Once the line holding "- AUD/USD drops" is found in the entries below, restate it and each line after it word for word, with no pictures.

> Extracted records
========================================================================

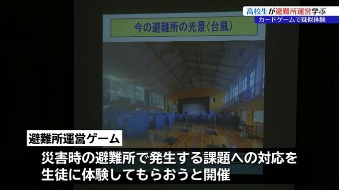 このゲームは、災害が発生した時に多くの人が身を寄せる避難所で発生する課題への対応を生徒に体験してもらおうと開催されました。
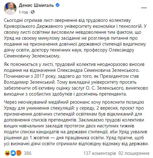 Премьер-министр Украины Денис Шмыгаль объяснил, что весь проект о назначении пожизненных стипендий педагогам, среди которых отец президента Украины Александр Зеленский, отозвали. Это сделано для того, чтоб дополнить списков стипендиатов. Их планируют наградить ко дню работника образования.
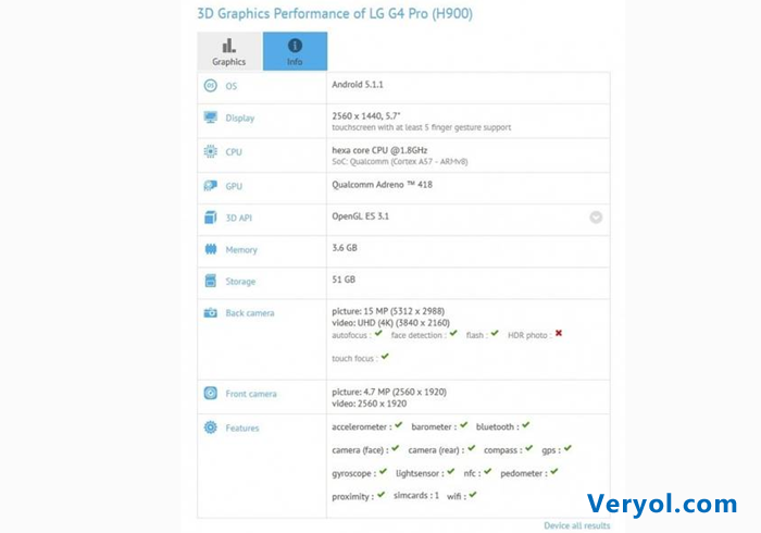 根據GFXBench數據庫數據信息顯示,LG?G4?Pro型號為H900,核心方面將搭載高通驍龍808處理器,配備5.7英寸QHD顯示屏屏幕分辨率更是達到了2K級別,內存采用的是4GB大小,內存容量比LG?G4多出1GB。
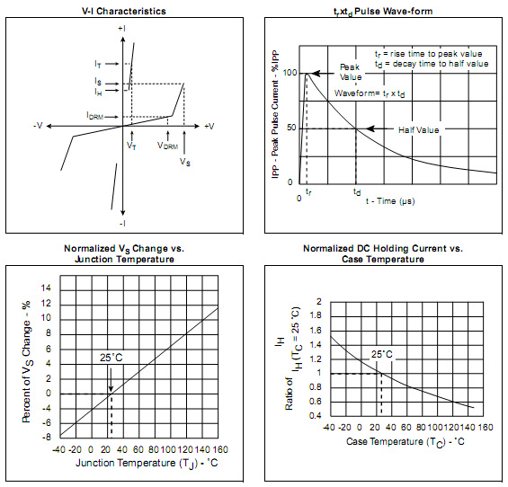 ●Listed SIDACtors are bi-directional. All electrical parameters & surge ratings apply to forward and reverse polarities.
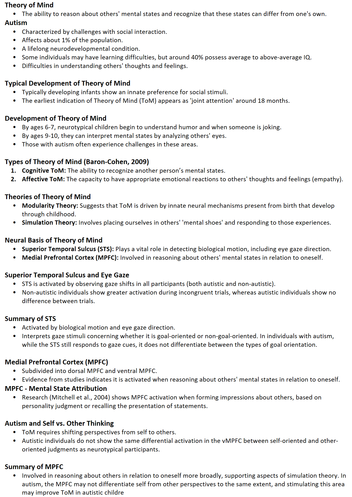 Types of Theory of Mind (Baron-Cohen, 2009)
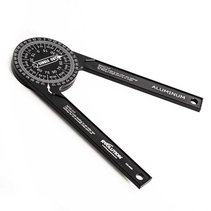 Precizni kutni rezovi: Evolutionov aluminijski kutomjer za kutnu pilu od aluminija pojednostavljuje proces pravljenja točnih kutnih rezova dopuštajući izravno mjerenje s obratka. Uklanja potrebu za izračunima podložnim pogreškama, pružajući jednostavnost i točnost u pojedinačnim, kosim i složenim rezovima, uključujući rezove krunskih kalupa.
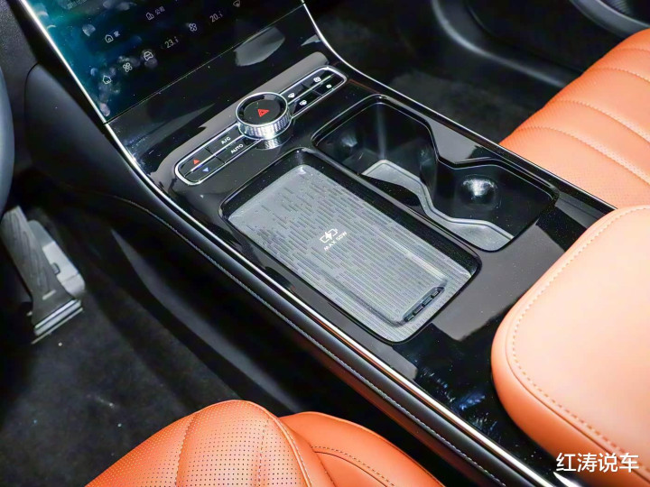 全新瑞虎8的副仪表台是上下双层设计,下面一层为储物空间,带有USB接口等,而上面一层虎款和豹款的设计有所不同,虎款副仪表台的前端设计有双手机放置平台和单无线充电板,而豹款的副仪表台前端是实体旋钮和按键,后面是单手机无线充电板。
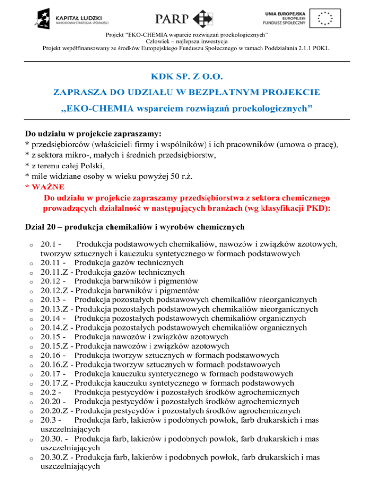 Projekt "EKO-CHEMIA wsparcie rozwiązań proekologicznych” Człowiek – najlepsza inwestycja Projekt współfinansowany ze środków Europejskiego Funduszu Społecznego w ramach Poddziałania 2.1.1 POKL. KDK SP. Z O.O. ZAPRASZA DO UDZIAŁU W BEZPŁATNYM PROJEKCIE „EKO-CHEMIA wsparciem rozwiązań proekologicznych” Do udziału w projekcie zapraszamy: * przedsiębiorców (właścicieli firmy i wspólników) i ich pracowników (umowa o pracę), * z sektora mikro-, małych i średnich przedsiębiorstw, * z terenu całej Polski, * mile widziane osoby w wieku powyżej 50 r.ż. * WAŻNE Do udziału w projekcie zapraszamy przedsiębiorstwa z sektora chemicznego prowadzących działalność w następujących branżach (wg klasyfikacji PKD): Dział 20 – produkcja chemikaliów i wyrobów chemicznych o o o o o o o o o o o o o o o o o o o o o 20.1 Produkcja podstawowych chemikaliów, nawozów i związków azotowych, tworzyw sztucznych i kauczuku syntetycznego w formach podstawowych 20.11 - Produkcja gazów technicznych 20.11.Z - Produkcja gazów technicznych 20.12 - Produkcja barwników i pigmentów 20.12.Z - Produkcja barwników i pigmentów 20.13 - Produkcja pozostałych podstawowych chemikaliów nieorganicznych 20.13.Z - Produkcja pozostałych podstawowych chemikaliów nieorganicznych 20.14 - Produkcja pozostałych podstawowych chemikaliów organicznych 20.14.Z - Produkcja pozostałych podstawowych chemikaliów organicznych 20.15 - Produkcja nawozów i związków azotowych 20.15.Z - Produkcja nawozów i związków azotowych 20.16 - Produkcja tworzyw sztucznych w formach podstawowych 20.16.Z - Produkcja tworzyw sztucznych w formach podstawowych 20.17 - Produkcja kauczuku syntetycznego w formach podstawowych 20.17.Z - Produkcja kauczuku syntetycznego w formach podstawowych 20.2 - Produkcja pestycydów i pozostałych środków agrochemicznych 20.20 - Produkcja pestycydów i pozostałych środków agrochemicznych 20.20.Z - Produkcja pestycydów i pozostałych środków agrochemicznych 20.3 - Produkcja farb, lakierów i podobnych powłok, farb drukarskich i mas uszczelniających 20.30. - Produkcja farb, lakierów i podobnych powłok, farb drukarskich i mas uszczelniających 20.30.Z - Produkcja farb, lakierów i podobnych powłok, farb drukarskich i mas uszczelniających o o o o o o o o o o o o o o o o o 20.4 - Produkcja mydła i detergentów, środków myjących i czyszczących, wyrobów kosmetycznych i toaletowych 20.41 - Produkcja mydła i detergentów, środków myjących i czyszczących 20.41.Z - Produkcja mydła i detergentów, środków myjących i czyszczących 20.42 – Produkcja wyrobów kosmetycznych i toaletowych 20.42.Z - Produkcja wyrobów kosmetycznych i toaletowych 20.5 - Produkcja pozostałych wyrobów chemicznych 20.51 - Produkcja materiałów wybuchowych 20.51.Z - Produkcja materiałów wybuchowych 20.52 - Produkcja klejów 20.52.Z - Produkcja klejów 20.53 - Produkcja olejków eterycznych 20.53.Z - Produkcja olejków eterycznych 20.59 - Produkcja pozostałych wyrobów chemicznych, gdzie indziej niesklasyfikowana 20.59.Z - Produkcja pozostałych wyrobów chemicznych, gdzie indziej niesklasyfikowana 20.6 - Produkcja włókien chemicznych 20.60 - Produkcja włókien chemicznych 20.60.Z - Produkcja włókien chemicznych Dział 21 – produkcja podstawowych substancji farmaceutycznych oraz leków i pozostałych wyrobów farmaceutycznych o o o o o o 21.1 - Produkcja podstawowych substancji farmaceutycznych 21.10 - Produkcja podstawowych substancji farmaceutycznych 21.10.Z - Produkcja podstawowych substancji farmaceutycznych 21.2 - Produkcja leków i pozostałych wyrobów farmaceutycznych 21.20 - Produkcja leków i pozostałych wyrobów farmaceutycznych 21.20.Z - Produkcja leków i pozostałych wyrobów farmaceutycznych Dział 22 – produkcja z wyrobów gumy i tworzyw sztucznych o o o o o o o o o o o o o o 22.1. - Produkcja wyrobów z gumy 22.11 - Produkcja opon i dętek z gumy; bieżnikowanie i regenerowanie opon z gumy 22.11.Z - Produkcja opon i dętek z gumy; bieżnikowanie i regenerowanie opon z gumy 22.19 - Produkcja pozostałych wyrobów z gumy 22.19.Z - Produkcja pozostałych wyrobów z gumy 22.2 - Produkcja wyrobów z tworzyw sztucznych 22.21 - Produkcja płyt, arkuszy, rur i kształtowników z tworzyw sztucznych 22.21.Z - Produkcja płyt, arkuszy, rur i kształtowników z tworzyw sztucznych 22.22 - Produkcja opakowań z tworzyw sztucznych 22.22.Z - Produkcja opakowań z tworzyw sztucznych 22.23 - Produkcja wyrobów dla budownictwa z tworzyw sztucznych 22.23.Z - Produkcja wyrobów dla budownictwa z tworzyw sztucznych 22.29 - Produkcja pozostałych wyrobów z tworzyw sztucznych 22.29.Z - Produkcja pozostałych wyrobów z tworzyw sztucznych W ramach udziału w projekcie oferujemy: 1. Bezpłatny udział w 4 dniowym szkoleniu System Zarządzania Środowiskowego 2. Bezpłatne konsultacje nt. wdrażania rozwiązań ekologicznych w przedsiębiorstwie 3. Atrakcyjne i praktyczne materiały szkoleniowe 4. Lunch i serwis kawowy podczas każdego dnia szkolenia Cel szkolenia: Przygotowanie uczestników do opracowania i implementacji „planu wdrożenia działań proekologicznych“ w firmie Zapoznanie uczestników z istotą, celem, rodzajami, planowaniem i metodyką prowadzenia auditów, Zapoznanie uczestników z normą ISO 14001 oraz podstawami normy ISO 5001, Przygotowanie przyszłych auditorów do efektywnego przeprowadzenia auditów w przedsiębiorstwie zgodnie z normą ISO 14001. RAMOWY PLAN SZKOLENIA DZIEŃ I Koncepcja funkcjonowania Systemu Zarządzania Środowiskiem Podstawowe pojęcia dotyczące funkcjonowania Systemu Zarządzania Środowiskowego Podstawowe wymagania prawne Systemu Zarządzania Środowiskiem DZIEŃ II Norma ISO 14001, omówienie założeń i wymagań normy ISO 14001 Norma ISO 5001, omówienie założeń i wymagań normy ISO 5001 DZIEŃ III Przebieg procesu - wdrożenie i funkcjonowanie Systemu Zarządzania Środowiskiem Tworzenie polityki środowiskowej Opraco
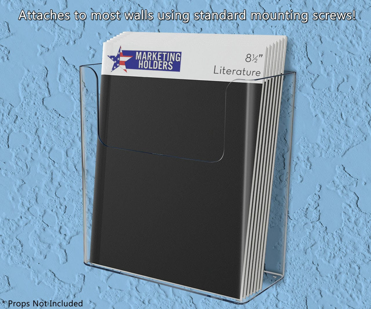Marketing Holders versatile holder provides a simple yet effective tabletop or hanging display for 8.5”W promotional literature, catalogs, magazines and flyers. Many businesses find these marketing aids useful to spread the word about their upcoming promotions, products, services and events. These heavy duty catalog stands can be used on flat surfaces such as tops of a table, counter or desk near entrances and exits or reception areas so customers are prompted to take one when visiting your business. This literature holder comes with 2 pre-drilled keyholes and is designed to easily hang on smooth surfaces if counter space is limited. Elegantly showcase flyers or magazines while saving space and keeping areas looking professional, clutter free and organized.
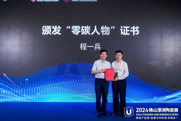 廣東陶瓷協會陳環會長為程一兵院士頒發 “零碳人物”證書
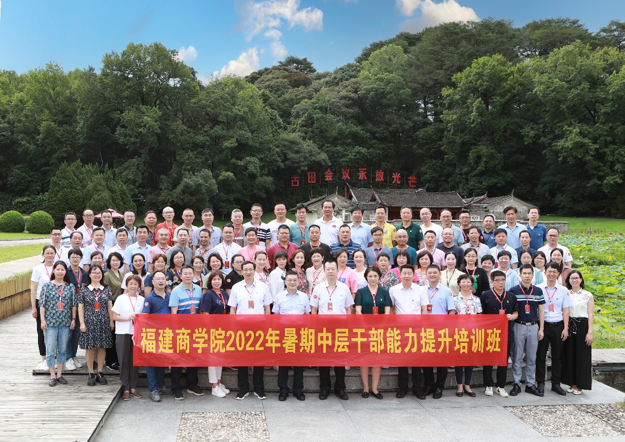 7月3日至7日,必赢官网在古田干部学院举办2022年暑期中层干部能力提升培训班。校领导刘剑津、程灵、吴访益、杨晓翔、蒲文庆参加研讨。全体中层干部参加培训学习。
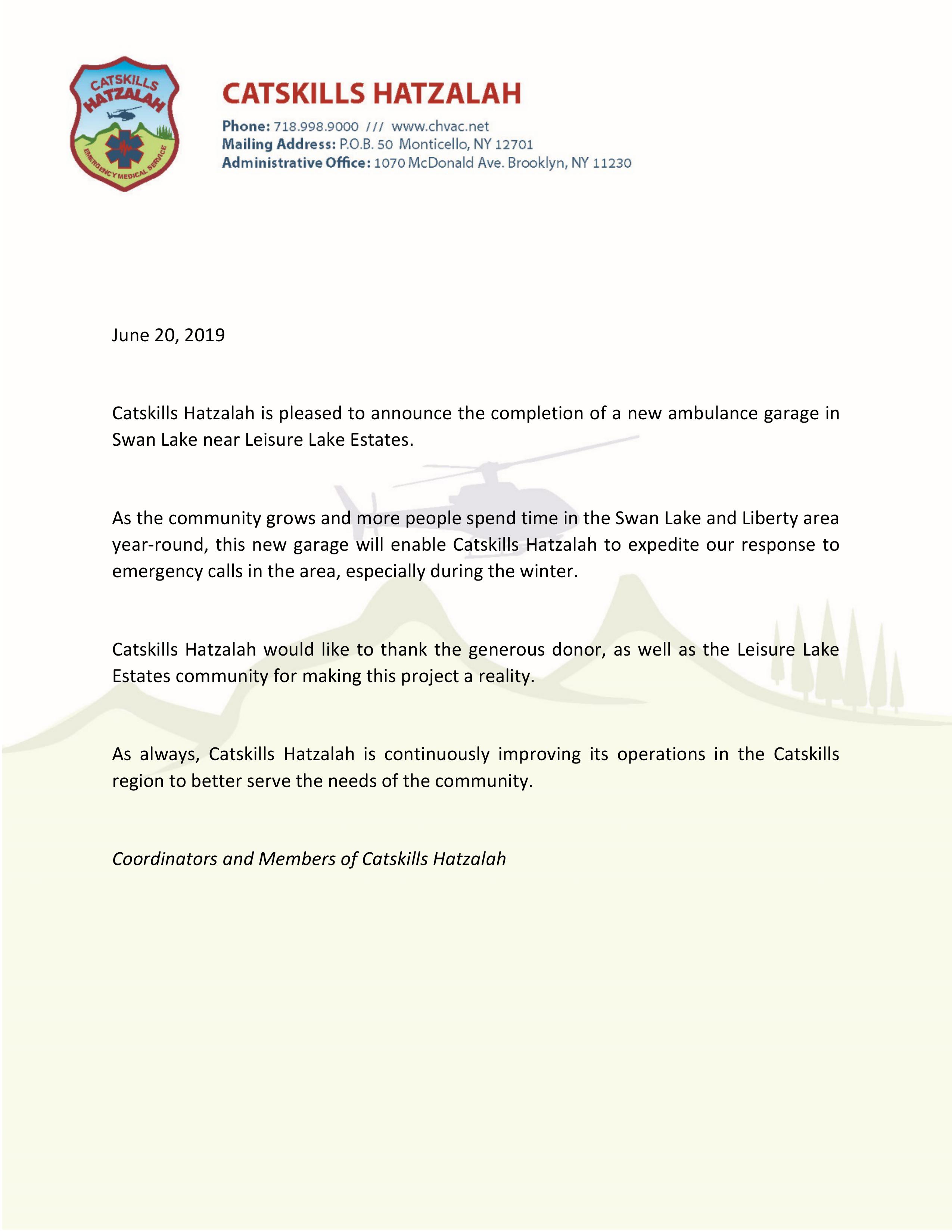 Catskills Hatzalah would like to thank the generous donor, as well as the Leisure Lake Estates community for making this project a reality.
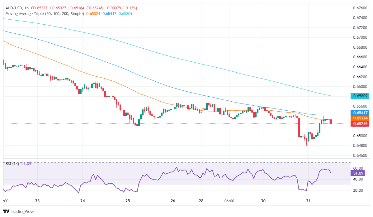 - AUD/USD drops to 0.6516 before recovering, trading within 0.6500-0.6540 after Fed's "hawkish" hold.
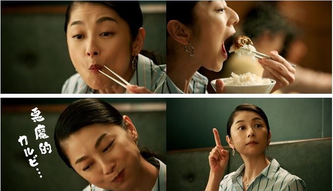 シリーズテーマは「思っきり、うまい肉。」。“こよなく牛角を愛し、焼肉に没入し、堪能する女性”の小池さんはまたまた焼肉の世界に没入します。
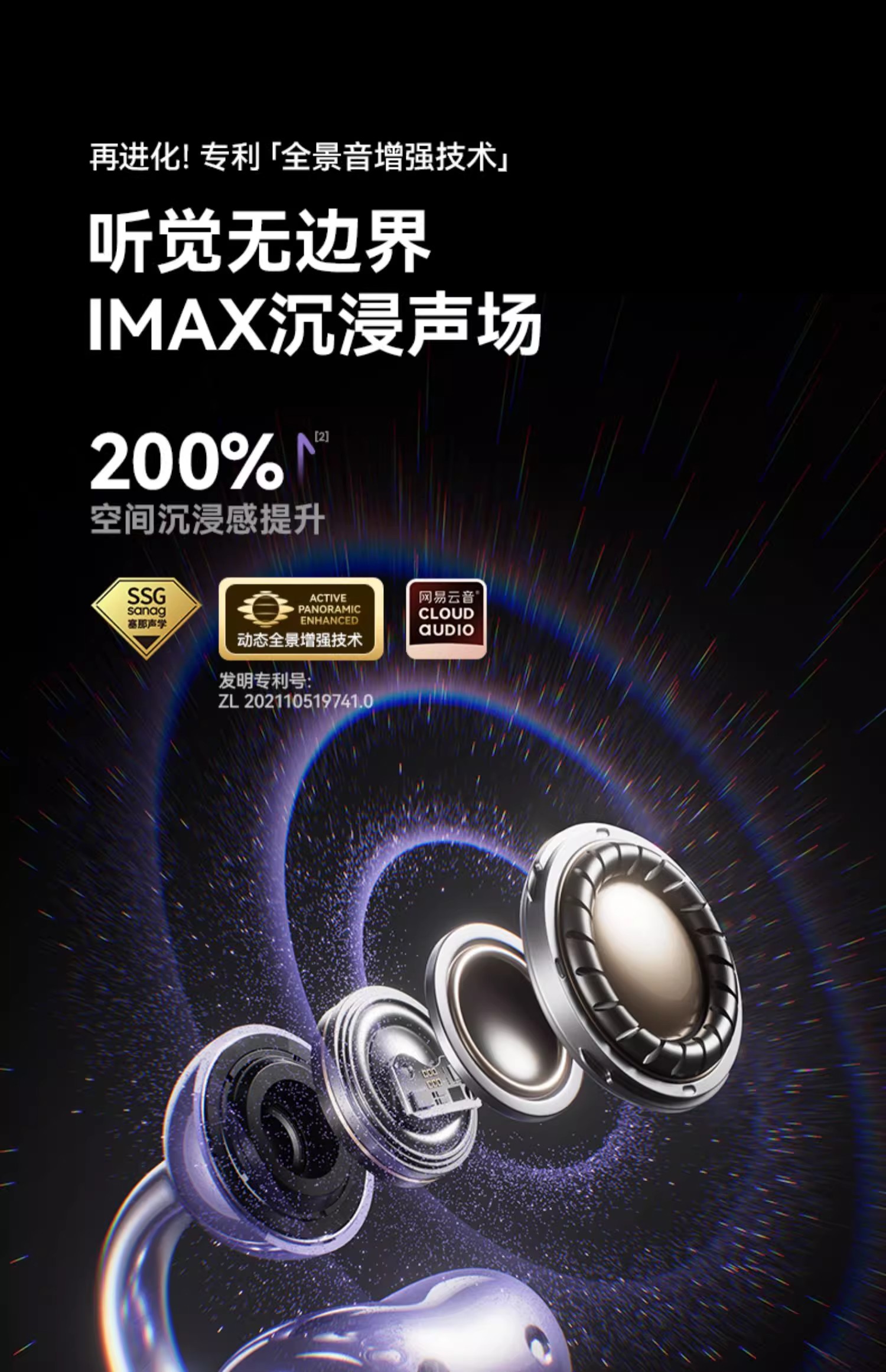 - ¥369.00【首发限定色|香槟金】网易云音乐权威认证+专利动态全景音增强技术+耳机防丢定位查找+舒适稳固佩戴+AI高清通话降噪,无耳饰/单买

========================================================================

> Output for this exercise
 - AUD/USD drops to 0.6516 before recovering, trading within 0.6500-0.6540 after Fed's "hawkish" hold.
 シリーズテーマは「思っきり、うまい肉。」。“こよなく牛角を愛し、焼肉に没入し、堪能する女性”の小池さんはまたまた焼肉の世界に没入します。
 - ¥369.00【首发限定色|香槟金】网易云音乐权威认证+专利动态全景音增强技术+耳机防丢定位查找+舒适稳固佩戴+AI高清通话降噪,无耳饰/单买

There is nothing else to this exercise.